● The task
Return the stretch from the line with "よろず劇場とんがらし 幼児～低学年親子向き人形劇 3月7日(日)" through the line with "Ausgelassene Stimmung beim Tanzen" in the data below, character for character, skipping all pictures.

#### Supplied entries ####

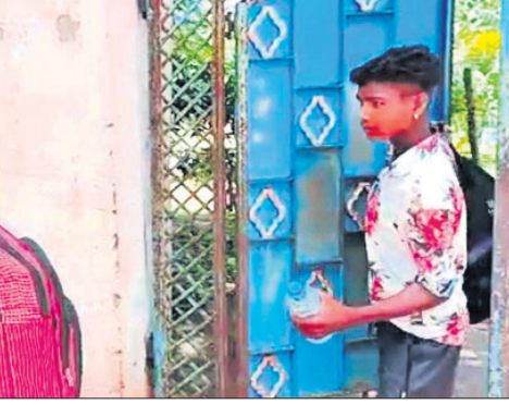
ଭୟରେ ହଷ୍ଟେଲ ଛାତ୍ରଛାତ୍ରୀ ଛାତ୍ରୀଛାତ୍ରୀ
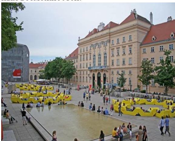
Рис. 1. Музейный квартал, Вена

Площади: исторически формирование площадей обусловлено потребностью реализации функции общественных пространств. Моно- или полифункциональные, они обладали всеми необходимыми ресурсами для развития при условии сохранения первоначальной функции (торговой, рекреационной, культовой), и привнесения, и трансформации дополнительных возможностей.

####
#### Supplied entries ####

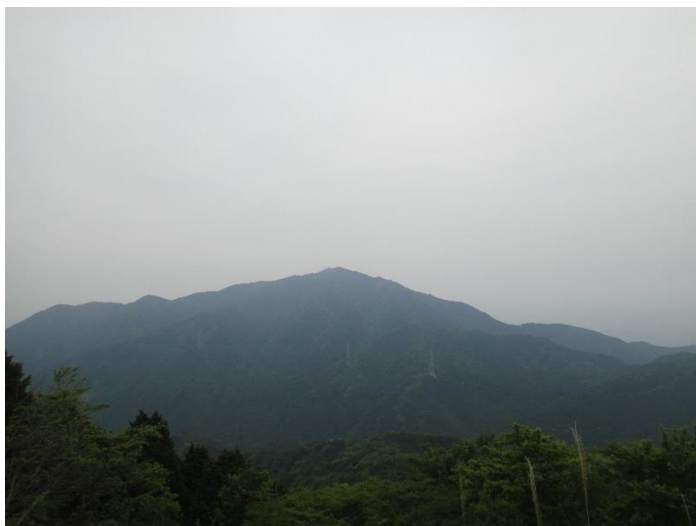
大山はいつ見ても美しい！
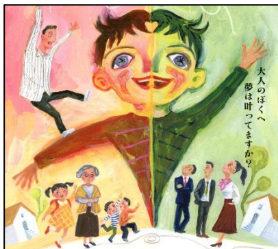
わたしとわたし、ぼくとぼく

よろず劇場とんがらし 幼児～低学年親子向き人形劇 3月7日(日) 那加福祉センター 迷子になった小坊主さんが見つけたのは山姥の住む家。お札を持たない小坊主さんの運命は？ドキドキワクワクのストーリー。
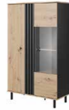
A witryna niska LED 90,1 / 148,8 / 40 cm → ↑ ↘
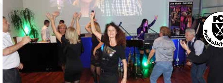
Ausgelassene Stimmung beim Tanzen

####

● Expected output
よろず劇場とんがらし 幼児～低学年親子向き人形劇 3月7日(日) 那加福祉センター 迷子になった小坊主さんが見つけたのは山姥の住む家。お札を持たない小坊主さんの運命は？ドキドキワクワクのストーリー。
A witryna niska LED 90,1 / 148,8 / 40 cm → ↑ ↘
Ausgelassene Stimmung beim Tanzen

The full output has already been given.